◆ Problem description
Retype the listing exactly. Leave out the images.

◆ Given information
::::::::

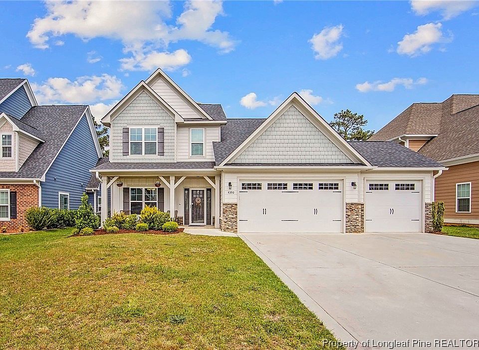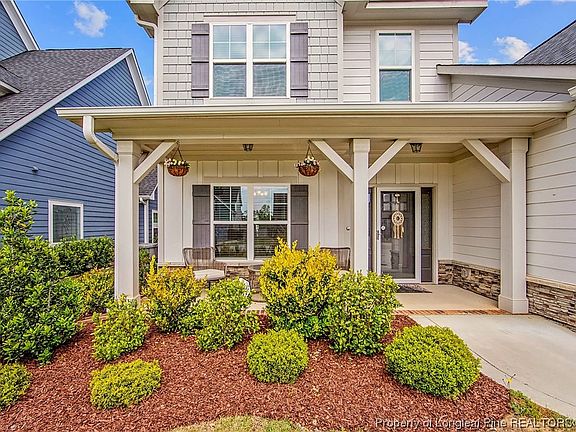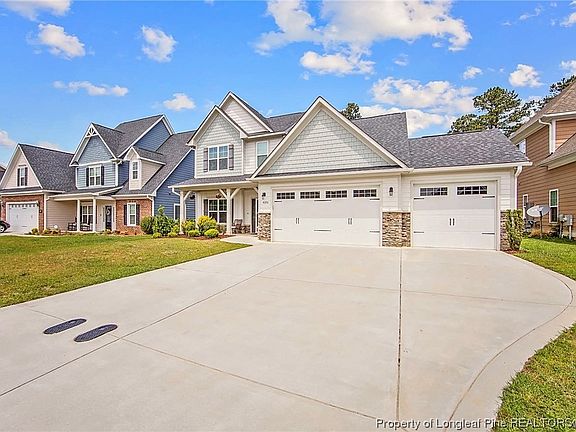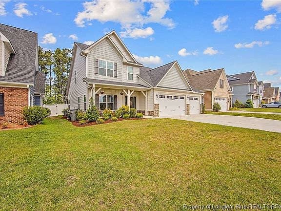 5 Bedroom, 3.5 Bath, 3 Car Garage Two Story home. Primary Suite downstairs with large walk-in closet, tile shower, and garden tub. Open living space, Island Kitchen w/Stainless Steel Appliances, Gas Range w/double ovens in range, and refrigerator. Formal Dining Room or sitting room, 1/2 bath & laundry down. The laundry room features front-loading washer and dryer. 4 bedrooms and 2 baths up. Ceiling Fans, White Graduated Cabinets, Granite, Tile Backsplash, and tankless water heater. Back yard features a covered patio, a vinyl privacy fence, and a trampoline. Beautiful neighborhood with a community dock on Lake Upchurch. Highly sought after schools and Close to the new Fayetteville outer loop.
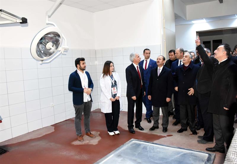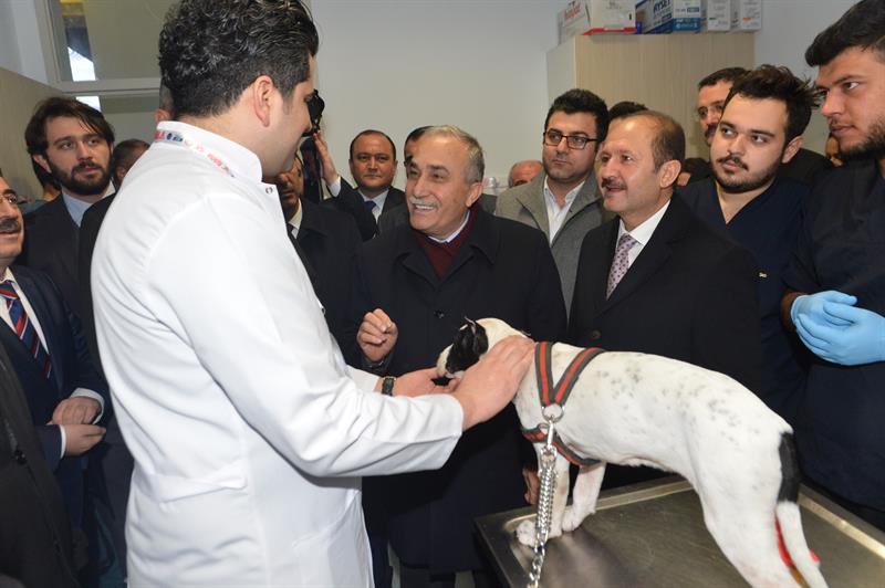 Bakan Fakıbaba ve beraberindekiler, açılış kurdelesini kestikten sonra hastaneyi gezerek, Veteriner Fakültesi Dekanı Prof. Dr. Mehmet Başalan'dan bilgi aldı.
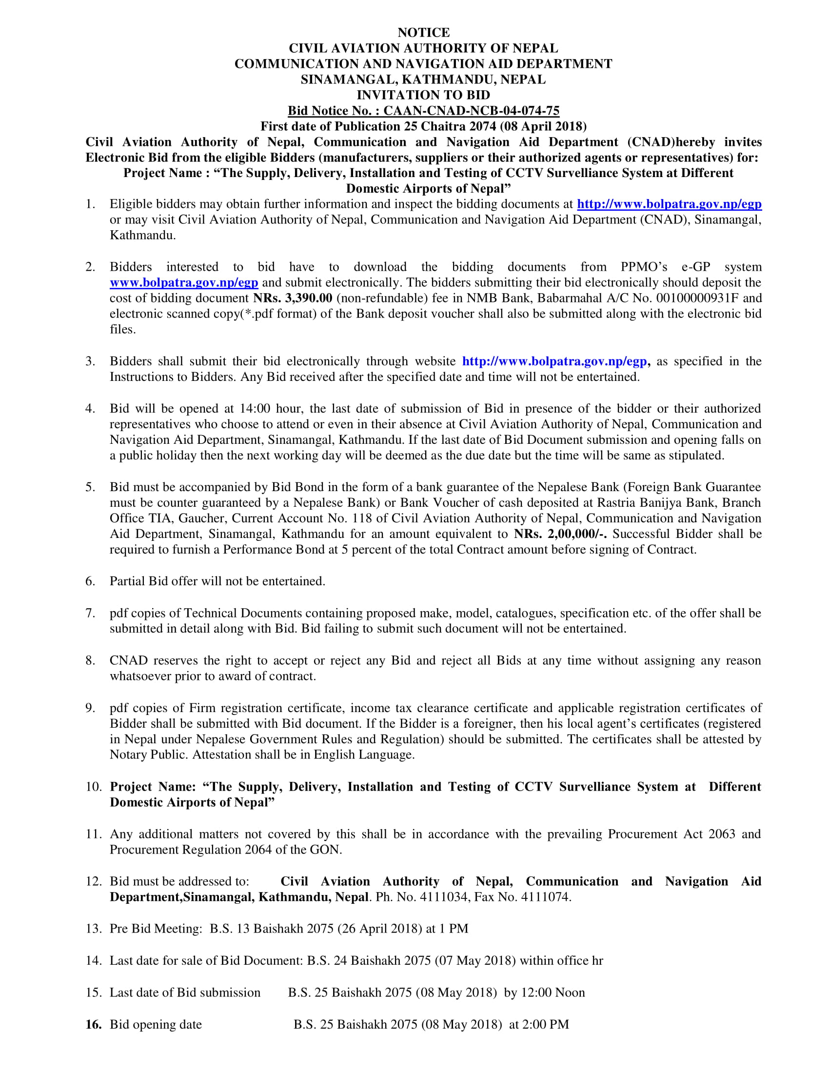 Invitation To Bid CAAN-CNAD-NCB-04-074-75

::::::::

◆ Task result
 5 Bedroom, 3.5 Bath, 3 Car Garage Two Story home. Primary Suite downstairs with large walk-in closet, tile shower, and garden tub. Open living space, Island Kitchen w/Stainless Steel Appliances, Gas Range w/double ovens in range, and refrigerator. Formal Dining Room or sitting room, 1/2 bath & laundry down. The laundry room features front-loading washer and dryer. 4 bedrooms and 2 baths up. Ceiling Fans, White Graduated Cabinets, Granite, Tile Backsplash, and tankless water heater. Back yard features a covered patio, a vinyl privacy fence, and a trampoline. Beautiful neighborhood with a community dock on Lake Upchurch. Highly sought after schools and Close to the new Fayetteville outer loop.
 Bakan Fakıbaba ve beraberindekiler, açılış kurdelesini kestikten sonra hastaneyi gezerek, Veteriner Fakültesi Dekanı Prof. Dr. Mehmet Başalan'dan bilgi aldı.
 Invitation To Bid CAAN-CNAD-NCB-04-074-75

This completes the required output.